Fundrise's Springfield site is less than a mile from the Amazon-leased warehouse that sold to Black Creek Group in July for $277K/SF, a record price for the market. Amazon's growth has continued to drive the region's industrial market, with the e-commerce giant last month announcing plans for seven last-mile warehouses totaling 1M SF in Maryland, including two in Prince George's County.
"They are probably the most active tenant in our market and have been taking more space," Transwestern Managing Director Mark Glagola, who brokered the July sale, said of Amazon. "Amazon has always been very aggressive, but I think you'll see more people follow."
The D.C. Metro area industrial market experienced 818K SF of positive net absorption in the first half of this year, according to JLL, its seventh straight quarter of occupancy gains.
The combined Baltimore-Washington industrial market experienced 7.1% year-over-year rent growth, according to Transwestern, the third-highest increase among the major U.S. industrial markets.
"We're at a tipping point right now where we're starting to see things like office and retail being torn down and industrial being created," Glagola said. "I think more of that will happen, because I believe rents will keep going up, and the cost to tear things down and build back up before was too restrictive."
The lack of large industrial development sites on the Beltway is leading developers to look further away from the major highway, Chesapeake Real Estate Group partner Matt Laraway said.
"It's a land-constrained market, and there's a lot of population, so everybody has wanted to be there, and you're seeing developers now stretching further from the Beltway than they had in years past," Laraway said.
Chesapeake has previously built industrial projects in the D.C. area, and it is now working on two developments in Maryland's Anne Arundel and Harford counties.
Because of the lack of available land on the Beltway, Manekin is planning a 3M SF industrial park on a 450-acre site near Collington Center in Prince George's County, roughly 6 miles outside the Beltway.
"The only way to produce new product close to the Beltway is to tear down existing buildings and start over, so we think we have a good opportunity out at Collington," Manekin Chief Operating Officer Cole Schnorf said. "It's targeting all the users looking around the Beltway that can't find anything."
In addition to a scarcity of well-located land in the D.C. suburbs, industrial developers looking to build new projects also face challenges in earning community approval.
Amazon backed out of plans to build a 4M SF industrial facility at the Westphalia development in Prince George's County last year following opposition from neighboring residents.

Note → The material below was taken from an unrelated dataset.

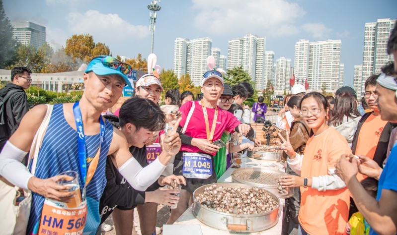 当然,作为一场的城市重要体育赛事,“烟马”在沿途还准备了“惊喜”。18个特色沿途补给站:烟台苹果、莱阳梨、鲅鱼水饺、鲈鱼狮子头、福山烧鸡、海参包子,应有尽有;完赛补给点:5千斤扇贝、蛤等“海鲜大咖”、一红一黄美酒补给长廊,现蒸现吃,管够吃喝……令参赛运动员直呼过瘾。

This year, the e-commerce giant is facing pushback from Montgomery County officials over a plan to build a 200K SF industrial facility in Gaithersburg.
"Montgomery County really doesn't want warehouses, and within Prince George's County, there are areas like Westphalia that are a challenge," Schnorf said. "Not only do you have to find a place you can go, but you've got to get jurisdictional buy-in as well."

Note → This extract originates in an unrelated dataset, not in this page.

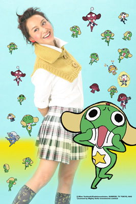 中新網3月9日電 據香港《大公報》報道,朱茵被片商“欽點”演繹《Keroro軍曹》中文版主題曲,感到興奮莫名,更直言與“Keroro軍曹”十分有緣。她開心的說:“從未試過唱兒歌,也想不到會得到別人的賞識。我覺得與Keroro軍曹很有緣,因為去年我到日本工作時,在商店及電視看到這只青蛙,第一個反應就覺得它樣子可愛得來帶點兒『賤』,立即留下深刻印象。想不到這次可以為它的卡通演繹主題曲,確實十分開心。”故一經邀請,即決定獻出這個第一次。

As Peterson Cos. moves through the planning process for its industrial projects, Chess said it is working to get local officials on board with the idea of adding warehouses to their community.

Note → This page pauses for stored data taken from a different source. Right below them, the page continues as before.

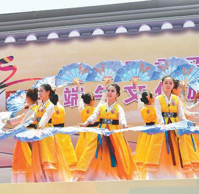 在明东村端午文化旅游节上,孩子们在表演传统扇子舞。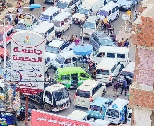 ازدحام مروري في شوارع تعز (صورة)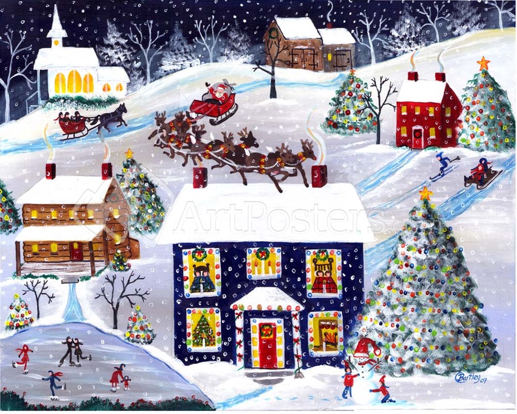 Santa Reindeer Christmas Eve by Cheryl Bartley art print

"What's really interesting now is educating jurisdictions on what last-mile and this warehouse use is," Chess said. "Jurisdictions never wanted to have their industrial near major population centers. Industrial was always in the hinterlands, but now what these e-commerce tenants want is to be at the major intersections."
If it weren't for the scarcity of land and the difficult approval process, Glagola said the D.C. industrial market would be growing much faster.
"There is an incredible desire to build, the actual action of it is extremely difficult," Glagola said. "There is little to no greenfield space, you have to get rid of something in order to build something, and the entitlement process has never been easy ... We would build tenfold what we're building if we could."